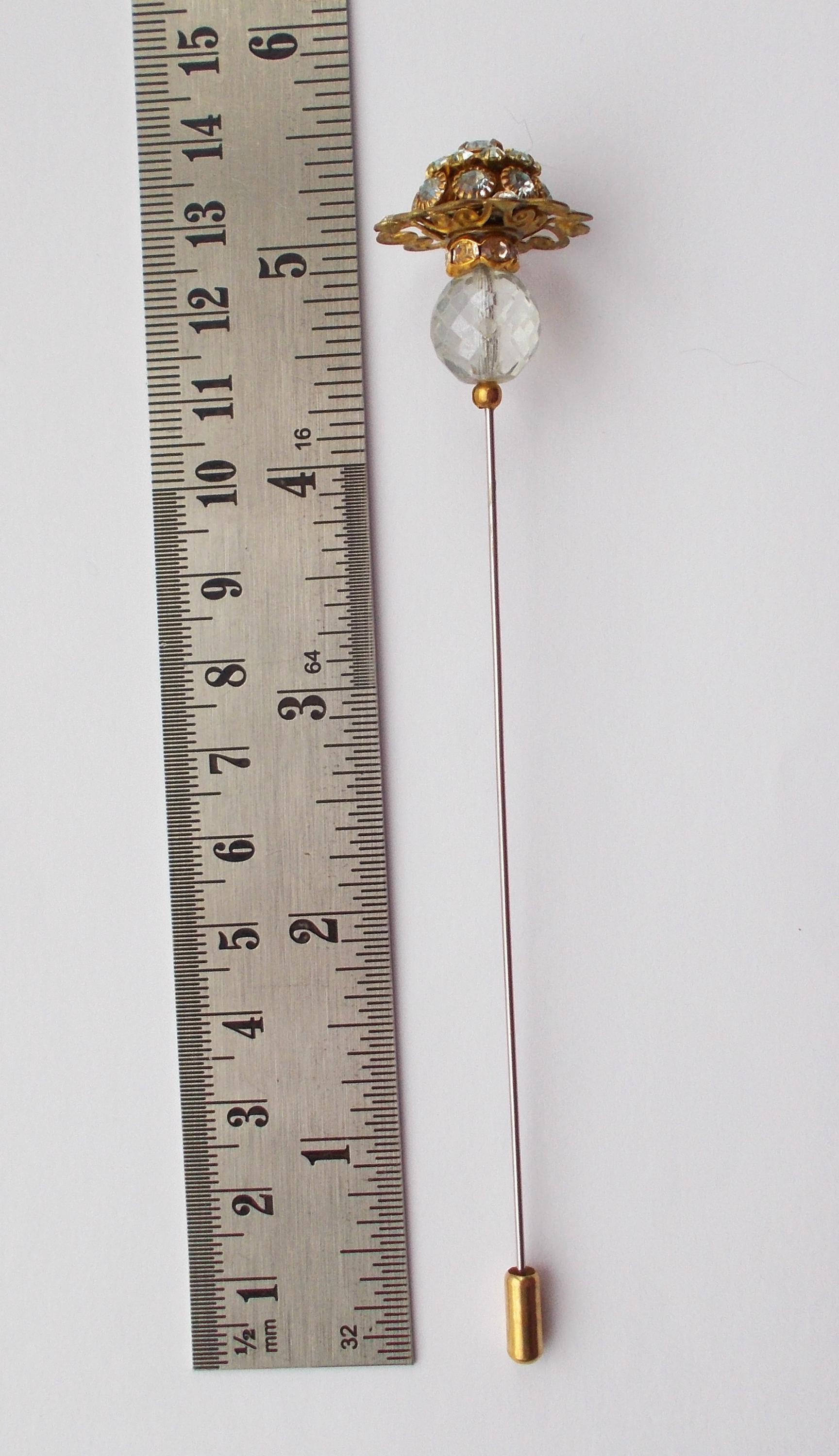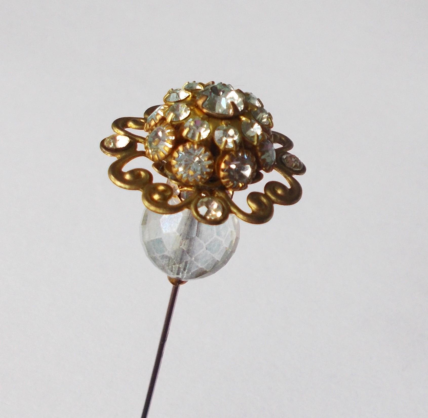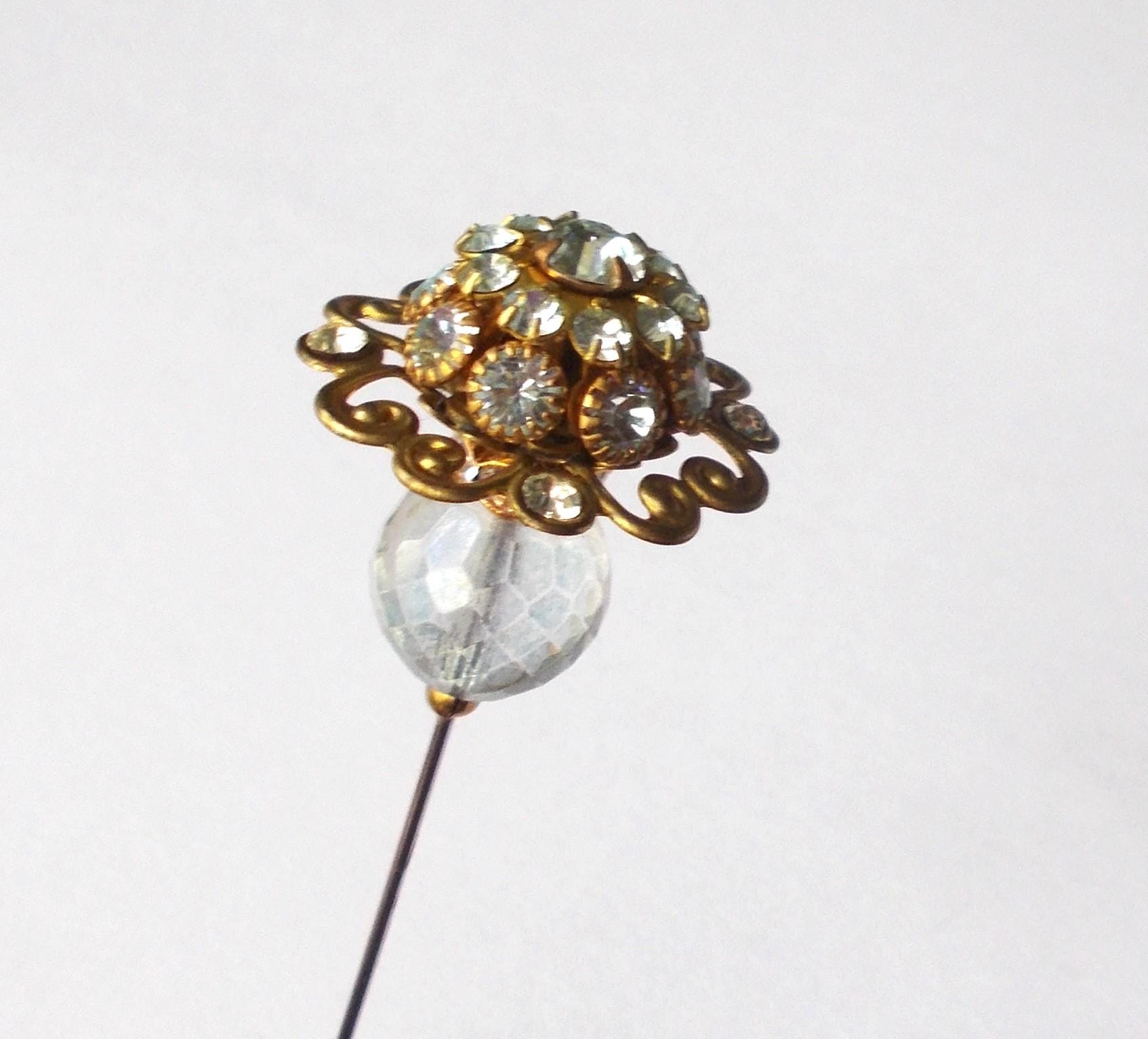 Hatpin - Limited Edition Stunning Rhinestone Decorated Metal Top and Glass Bead 7.25 inch Handmade 1mm Diameter Steel Hat pin
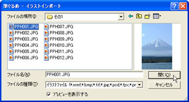 目的の画像を選択し、[開く(O)]ボタンをクリックします。![]() |
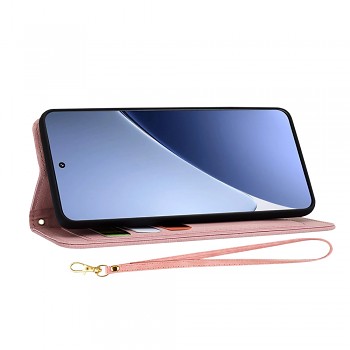 Pouzdro se pyšní sofistikovaným designem, kde se snoubí jemný růžový odstín s živým květinovým vzorem. Vzor na přední straně a části zadní strany zdobí květy v odstínech žluté, růžové a bílé, doplněné zelenými listy a červenými bobulemi na světlém pozadí, což dodává pouzdru svěží a romantický vzhled. Vnější materiál imituje texturovanou kůži, která je příjemná na dotek a zároveň odolná proti každodennímu opotřebení.
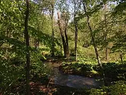 The park is primarily made of mature forest, of which 78-acre (32 ha) has been designated old-growth forest by the Old-Growth Forest Network.[1][9] The park's old growth forests are dominated by stately stands of beechs, red and white oaks and birchs, with shagbark hickorys and tulip poplars, and black oaks also being plentiful. The forest understory is considered one of the best in the county for wildflowers and contains a wide variety of perennial plants.[4][3] The park also contains fields and a small man-made fishing pond, which a habitat to beavers, egrets, herons and turtles.[10]
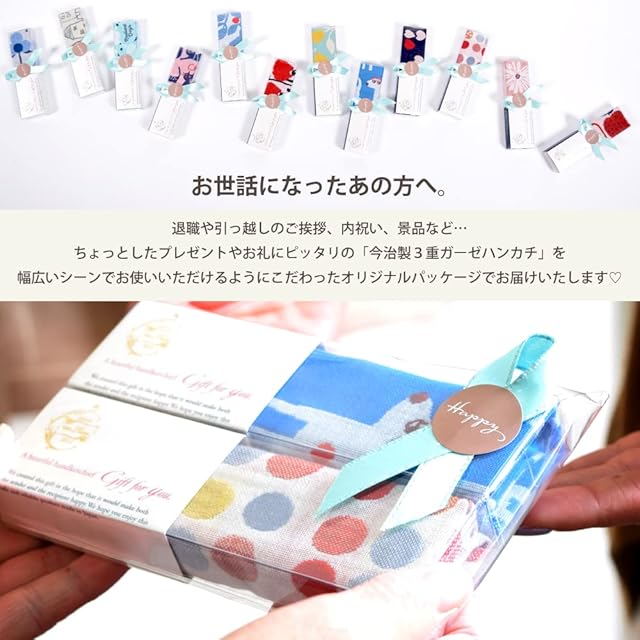 "今治タオルハンカチ Pocchi~<br> <br> ポケットやかばんに入れやすい薄手でサラッとしたハンカチ。<br> 3枚合わせのハンカチなので薄手なのに<br> シッカリとした吸収力と丈夫で柔らかな 風合いが魅力的。<br> タオルの産地として名高い今治で織り上げられました。<br> <br> 【商品詳細】<br> ハンカチサイズ:約25x25cm<br> 素材:綿 100%<br> 生産地:日本(今治)<br> 箱サイズ:約15×4×2cm<br> <br> <b>用途</b> ハンカチ ポケットハンカチ 贈り物 プレゼント 出産祝い 快気祝い 結婚祝い 入学祝い 新築祝い お中元 お歳暮 お年賀 内祝い お祝い プレゼント 母の日 敬老の日 婚礼 結婚式 ブライダル 出産 ノベルティ 記念品 粗品 ゴルフコンペ 来場記念 成約記念 贈り物 お礼 お返し 挨拶 景品 など<br> <br> <br> ※掲載画像がパソコンやモニターの環境により、実物商品と多少色の違いが生じる事がございますが、ご了承お願い申し上げます。"
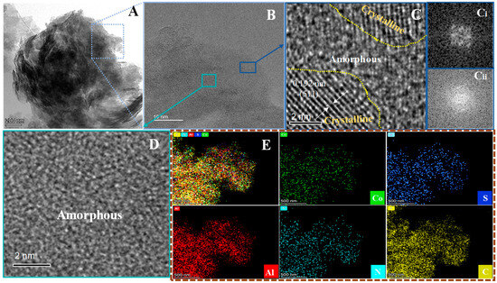The detailed morphology and microstructure of the Co(Al)S(10) were further determined using TEM (Figure 2). The low-magnification TEM image provided direct evidence that ultrathin nanosheets staggered interactively to form a 3D nanosheet-interconnected network architecture. The 3D porous network architecture could expose enough active sites for Faradaic reaction to accelerate electron/ion transfer. The interconnected amorphous and crystalline domains with clear boundaries (yellow border in blue frame) were observed in the HRTEM images (Figure 2B,C). The lattice space of 0.192 nm was related to the (511) crystal plane for cubic Co9S8 (JCPDS, no. 19-0364; Figure 2C), and the amorphous domains presented fuzzy and random atomic arrangement (Figure 2D), confirming that the Co(Al)S was a crystalline/amorphous heterophase structure. The heterophase feature was further verified by the corresponding fast Fourier transformation (FFT) patterns at the selected areas, in which the bright spots (Figure 2C(i)) and diffused ring (Figure 2C(ii)) were identified to crystal planes and amorphous phase, respectively. The random atomic arrangement (inherent defects) could offer abundant active sites and electron channels, which promoted electron conduction and ion diffusion [27,28]. Apart from them, the high-angle annular dark-field scanning transmission electron microscope (HAADF-STEM) also indicated homogeneous distribution of C, Al, S, Co and N elements (Figure 2E), confirming C, Al and N species were well-introduced into the Co(Al)S matrix (according with SEM-EDS result in Figures S2 and S3).
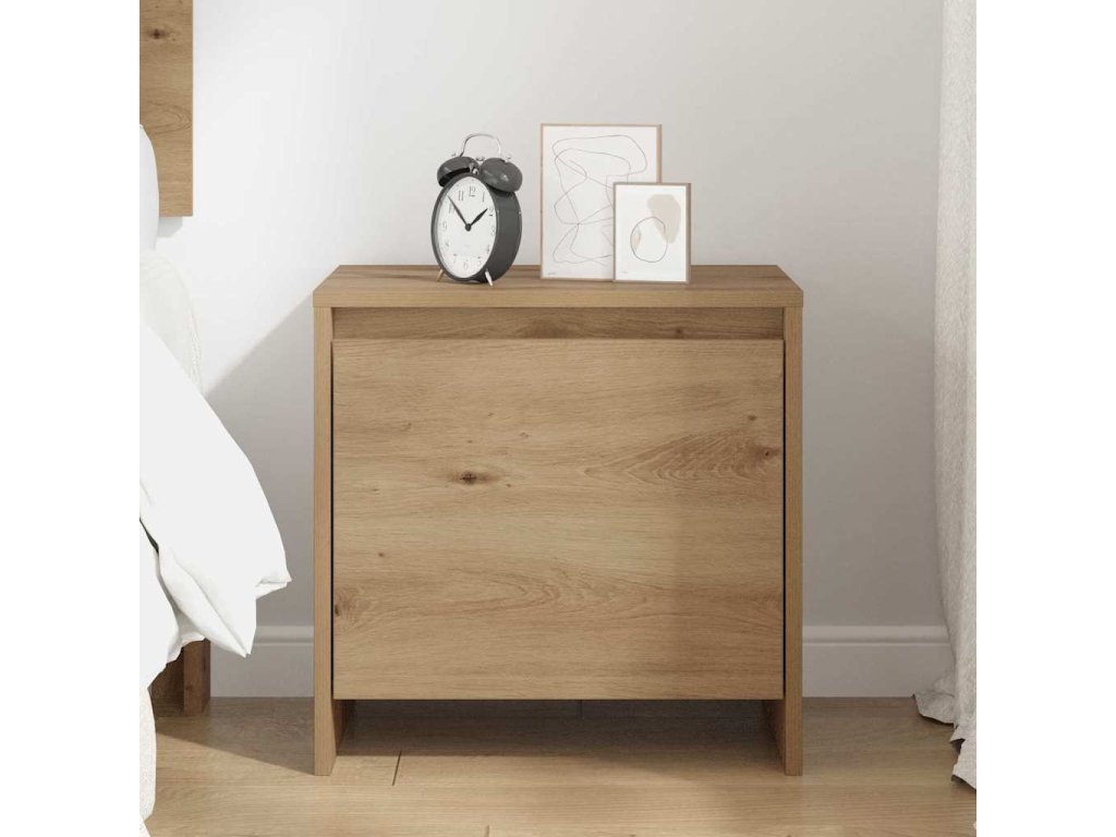 - Materiály: Tenhle noční stolek je vyrobený z kvalitního kompozitního dřeva, což mu dodává odolnost a elegantní vzhled. Materiál je navržen tak, aby vydržel každodenní používání a současně si uchoval hezký vzhled. Povrch kompozitního dřeva je odolný proti opotřebení, což znamená, že údržba je jednoduchá a snadná pro moderní domácnosti, spojující styl a praktičnost.
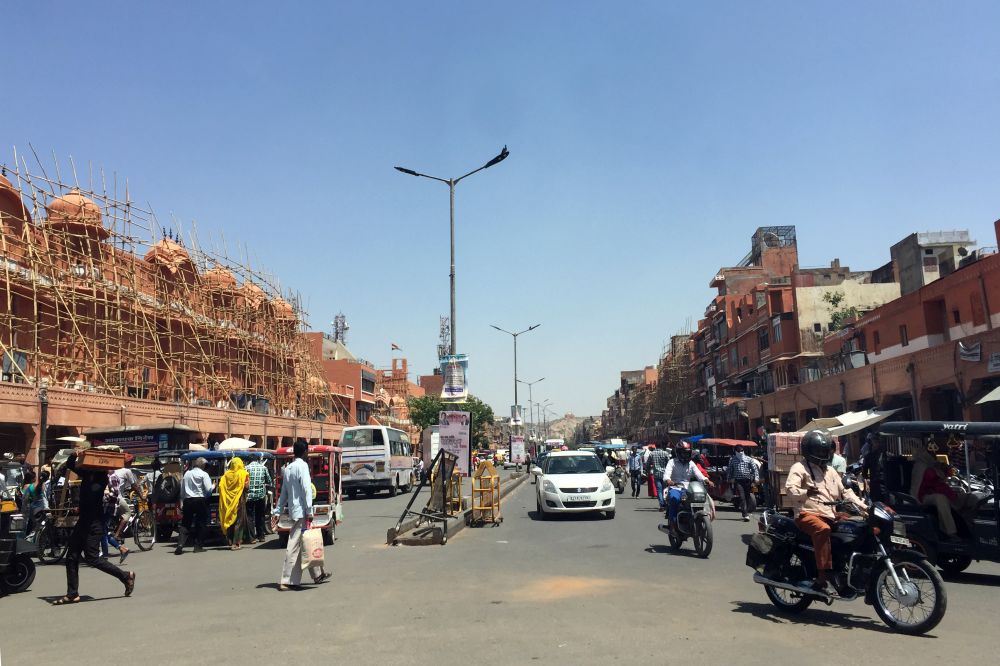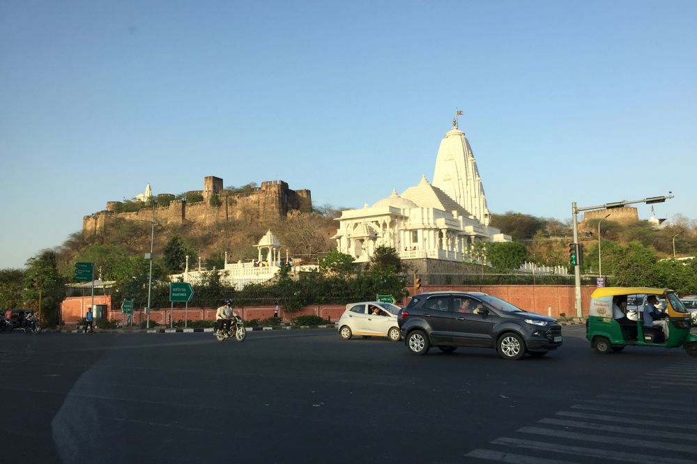 出乎我的意料,斋浦尔新城竟然是一个现代意义上的城市。街道笔直宽敞,中央隔离带种植了灌木和花卉,有的路灯柱上还悬挂着花篮,临街院子里的藤蔓也攀爬到墙外,展示绿色的枝叶和艳丽的花朵。蓝天下,白色的神庙与雄伟的的古堡并肩而立。
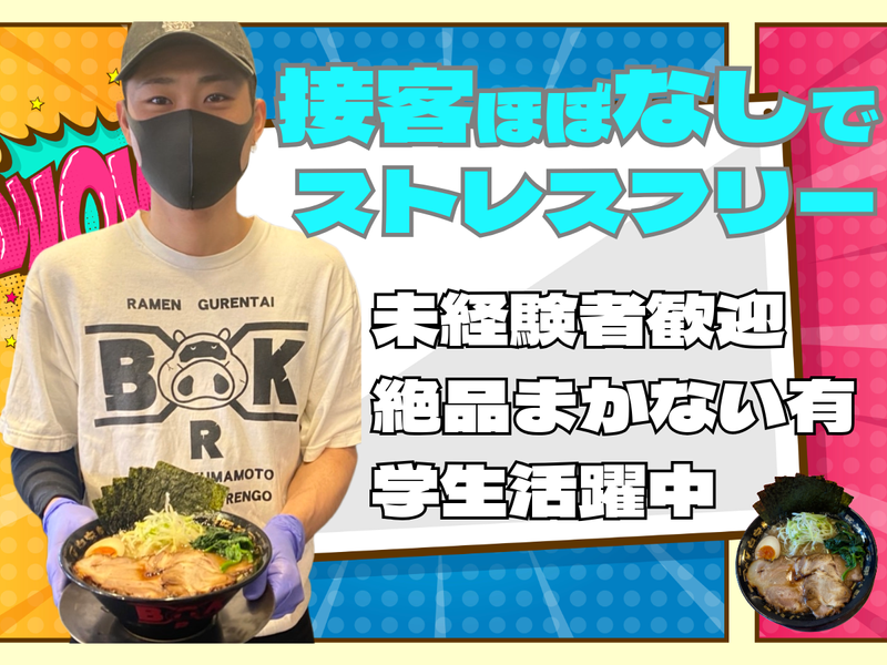 仕事内容 / お昼のキッチン新メンバーを急募だぜ⭐ 平日のみ、土日祝休みシフトもOK! 初バイト・接客未経験でも積極採用中! 2026年3月末までの短期もOK! \ 【主な仕事内容】 ・材料のカット ・仕込み ・調理 など こだわりのラーメン作りや、 調理にかかわる業務をお任せしていきます!
•••
Task objective —
Transcribe every line of the records exactly. Pictures do not belong in the copy.

Task result —
 Hatpin - Limited Edition Stunning Rhinestone Decorated Metal Top and Glass Bead 7.25 inch Handmade 1mm Diameter Steel Hat pin
 目的の画像を選択し、[開く(O)]ボタンをクリックします。![]() |
 Pouzdro se pyšní sofistikovaným designem, kde se snoubí jemný růžový odstín s živým květinovým vzorem. Vzor na přední straně a části zadní strany zdobí květy v odstínech žluté, růžové a bílé, doplněné zelenými listy a červenými bobulemi na světlém pozadí, což dodává pouzdru svěží a romantický vzhled. Vnější materiál imituje texturovanou kůži, která je příjemná na dotek a zároveň odolná proti každodennímu opotřebení.
 The park is primarily made of mature forest, of which 78-acre (32 ha) has been designated old-growth forest by the Old-Growth Forest Network.[1][9] The park's old growth forests are dominated by stately stands of beechs, red and white oaks and birchs, with shagbark hickorys and tulip poplars, and black oaks also being plentiful. The forest understory is considered one of the best in the county for wildflowers and contains a wide variety of perennial plants.[4][3] The park also contains fields and a small man-made fishing pond, which a habitat to beavers, egrets, herons and turtles.[10]
 "今治タオルハンカチ Pocchi~<br> <br> ポケットやかばんに入れやすい薄手でサラッとしたハンカチ。<br> 3枚合わせのハンカチなので薄手なのに<br> シッカリとした吸収力と丈夫で柔らかな 風合いが魅力的。<br> タオルの産地として名高い今治で織り上げられました。<br> <br> 【商品詳細】<br> ハンカチサイズ:約25x25cm<br> 素材:綿 100%<br> 生産地:日本(今治)<br> 箱サイズ:約15×4×2cm<br> <br> <b>用途</b> ハンカチ ポケットハンカチ 贈り物 プレゼント 出産祝い 快気祝い 結婚祝い 入学祝い 新築祝い お中元 お歳暮 お年賀 内祝い お祝い プレゼント 母の日 敬老の日 婚礼 結婚式 ブライダル 出産 ノベルティ 記念品 粗品 ゴルフコンペ 来場記念 成約記念 贈り物 お礼 お返し 挨拶 景品 など<br> <br> <br> ※掲載画像がパソコンやモニターの環境により、実物商品と多少色の違いが生じる事がございますが、ご了承お願い申し上げます。"
The detailed morphology and microstructure of the Co(Al)S(10) were further determined using TEM (Figure 2). The low-magnification TEM image provided direct evidence that ultrathin nanosheets staggered interactively to form a 3D nanosheet-interconnected network architecture. The 3D porous network architecture could expose enough active sites for Faradaic reaction to accelerate electron/ion transfer. The interconnected amorphous and crystalline domains with clear boundaries (yellow border in blue frame) were observed in the HRTEM images (Figure 2B,C). The lattice space of 0.192 nm was related to the (511) crystal plane for cubic Co9S8 (JCPDS, no. 19-0364; Figure 2C), and the amorphous domains presented fuzzy and random atomic arrangement (Figure 2D), confirming that the Co(Al)S was a crystalline/amorphous heterophase structure. The heterophase feature was further verified by the corresponding fast Fourier transformation (FFT) patterns at the selected areas, in which the bright spots (Figure 2C(i)) and diffused ring (Figure 2C(ii)) were identified to crystal planes and amorphous phase, respectively. The random atomic arrangement (inherent defects) could offer abundant active sites and electron channels, which promoted electron conduction and ion diffusion [27,28]. Apart from them, the high-angle annular dark-field scanning transmission electron microscope (HAADF-STEM) also indicated homogeneous distribution of C, Al, S, Co and N elements (Figure 2E), confirming C, Al and N species were well-introduced into the Co(Al)S matrix (according with SEM-EDS result in Figures S2 and S3).
 - Materiály: Tenhle noční stolek je vyrobený z kvalitního kompozitního dřeva, což mu dodává odolnost a elegantní vzhled. Materiál je navržen tak, aby vydržel každodenní používání a současně si uchoval hezký vzhled. Povrch kompozitního dřeva je odolný proti opotřebení, což znamená, že údržba je jednoduchá a snadná pro moderní domácnosti, spojující styl a praktičnost.
 出乎我的意料,斋浦尔新城竟然是一个现代意义上的城市。街道笔直宽敞,中央隔离带种植了灌木和花卉,有的路灯柱上还悬挂着花篮,临街院子里的藤蔓也攀爬到墙外,展示绿色的枝叶和艳丽的花朵。蓝天下,白色的神庙与雄伟的的古堡并肩而立。
 仕事内容 / お昼のキッチン新メンバーを急募だぜ⭐ 平日のみ、土日祝休みシフトもOK! 初バイト・接客未経験でも積極採用中! 2026年3月末までの短期もOK! \ 【主な仕事内容】 ・材料のカット ・仕込み ・調理 など こだわりのラーメン作りや、 調理にかかわる業務をお任せしていきます!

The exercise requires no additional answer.